Fiscal Cliff 2013: What Congress is Really Doing While Everyone Talks About the Fiscal Cliff

Impact

Editor's Note: This is the fourth in a series of articles covering progress of the lame duck session of Congress. To read the first, second, and third articles, click on the link.

After taking a week off for Thanksgiving, Congress resumed its lame duck session. While partisan one-upsmanship and the public relations games continue on fiscal cliff negotiations, is anything worthwhile going on?

The answer is clearly “yes.” Two more bills received final passage by unanimous consent in the Senate and will now go to the president. One bill made changes to the Child Pornography Protection Act. The other allows the Director of Homeland Security to create a program for removing the requirement for international baggage that was screened at the point of origin to be rescreened upon arrival in the U.S. This could be an important first step in a more common sense approach to air travel security.
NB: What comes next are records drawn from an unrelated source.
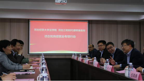 2023年4月13日下午,suncitygroup太阳集团党委副书记黄华、副经理胡海涛、副经理李大庆一行赴河北三和时代律师事务所开展访企拓岗促就业专项活动。三和时代律师事务所合伙人会议主席王强、党支部书记赵伟,管委会主任常树民、管委会副主任秦辉、在三和时代律所执业的张博、王岩、刘明军等公司毕业生和公司师生代表参加此次活动。
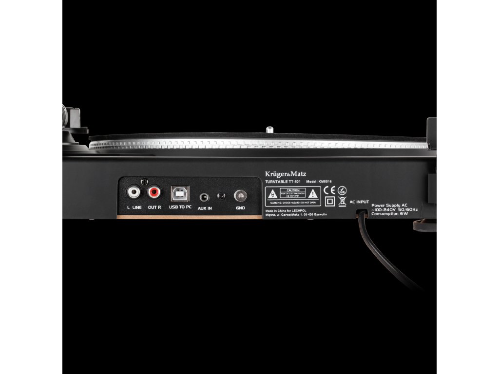 Moderní gramofon Kruger&Matz s řemínkovým pohonem umožňuje přehrávání desek ve dvou rychlostech: 33 ot./min. a 45 ot./min. Toto řešení umožňuje zařízení snadno zvládnout hudbu zaznamenanou jak na starých vinylových deskách, tak i na těch modernějších.
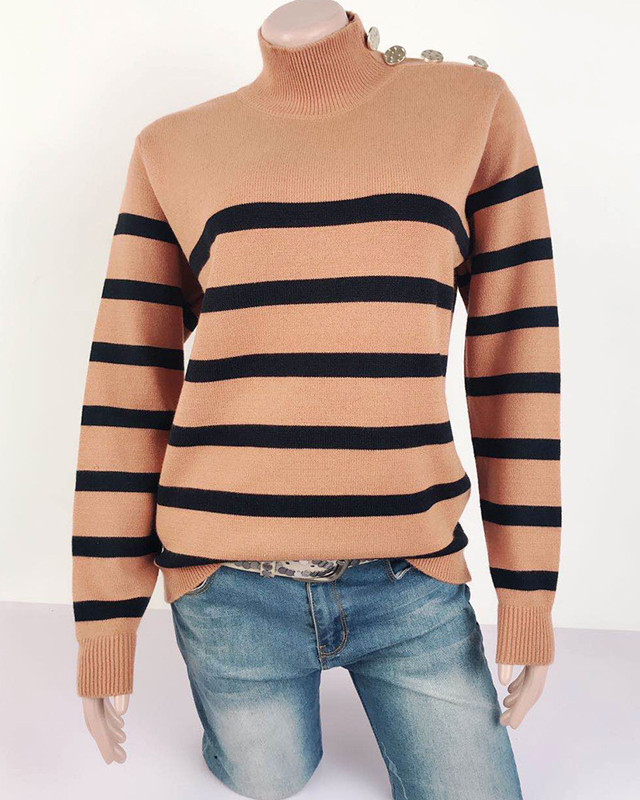 ハイネック ボーダーニット レディース ニット セーター ハイネックニット ニットトップス ボーダー柄 肩ボタン付き おしゃれ 春 秋 冬

The Senate continued to show signs of bipartisan cooperation. By unanimous consent, Senators passed a resolution increasing sanctions on Iran. Then during debate on the National Defense Authorization Act, the following amendments were passed with the noted votes:

            54-41 striking a prohibition of biofuel refinery construction

            62-33 accelerating the Afghan war transition

            54-41 prohibiting funds to transfer prisoners out of Guantanamo  

            67-29 prohibiting the arrest and indefinite detention of U.S. citizens

            53-41 rejecting a measure to ensure sufficient sizing of the civilian and contract     services workforce of the Department of Defense

In the House, it was mostly routine business. One exception was the passage of the STEM Jobs Act, eliminating the diversity visa program and using its annual 55,000 visa allocation for college graduates with degrees in Science, Technology, Engineering, and Math. The bill passed on a vote of 243-170 with 10 Democrats voting in favor. Not an overwhelming show of bipartisanship but more than what we’ve become used to seeing.  

There are just over two weeks remaining before the 112th Congress recesses for its final time, breaking for Christmas and the New Year. Out of media and public scrutiny, Congress is working. The fiscal cliff makes this irrelevant.